Governing Council’s latest hold left the next move wide open for March
The Bank of Canada’s January 28 summary of deliberations puts mortgage professionals on notice that the next rate move – up or down – remains “unusually difficult” to call, even as the policy rate stayed at 2.25%.
With the next decision due March 18, the document underlines just how little guidance the Governing Council feel able to give on timing or direction.
Rather than signaling a clear path to cuts, the council emphasized that heightened uncertainty has broadened the range of outcomes that could force a rethink of its outlook.
The summary said it is “unusually difficult to effectively assign weights and probabilities to the various risks surrounding the outlook,” pointing to geopolitical shocks, the Canada-United States-Mexico Agreement (CUSMA) review and Canada’s adjustment to US tariffs.
Council members agreed the economy remains in excess supply and projected modest GDP growth of 1.1% in 2026 and 1.5% in 2027, with inflation close to the 2% target.
They noted that “geopolitical tensions and US trade policy remains unpredictable, and uncertainty about how the Canadian economy would adjust remains elevated,” concluding they need to “maintain optionality in setting monetary policy.”
BoC struggles to map next move
The summary reaffirms that the 2.25% policy rate sits on the stimulative side of the Bank’s neutral range and would stay there “conditional on the economy evolving in line with their outlook.”
At the same time, members warned that costs from reconfigured supply chains, the CUSMA review and sector‑specific tariff shocks could either dampen growth or push prices higher.
In a year‑end speech, governor Tiff Macklem already described 2.25% as “at about the right level” to support modest growth while keeping inflation near target, adding that “inflationary pressures continue to be contained despite added costs related to the reconfiguration of trade,” even as the economy remains in “a period of structural adjustment,” he said.
Statistics Canada reported the jobless rate fell to 6.5% in January, its lowest since 2024, but the decline was driven by fewer Canadians seeking work—fueling expectations that the Bank of Canada will hold rates steady through 2026.https://t.co/wgGt9nK589
— Canadian Mortgage Professional Magazine (@CMPmagazine) February 6, 2026
Mortgage market read a plateau, not a pivot
Economists broadly expect the overnight rate to hold near 2.25% through 2026, arguing that a soft but not collapsing economy calls for stability rather than new stimulus or a quick return to hikes.

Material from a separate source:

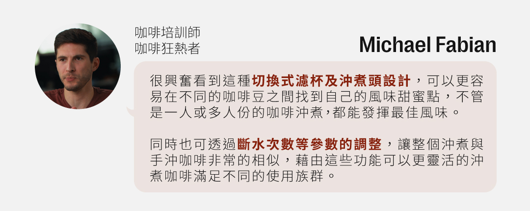 透過兩段全方位花灑式沖煮頭及兩種沖煮濾杯的搭配實現一到十杯的沖煮彈性。

Some warned that failure of CUSMA negotiations or a deeper trade shock could still pull the Bank deeper into stimulative territory, while a successful deal and firmer growth might justify a gradual move back toward a 2.75% neutral setting.
Ontario brokers critical of the January hold warned that leaving rates unchanged risks deepening housing softness and keeping renewal pain elevated for existing owners, even as national metrics look contained, they said.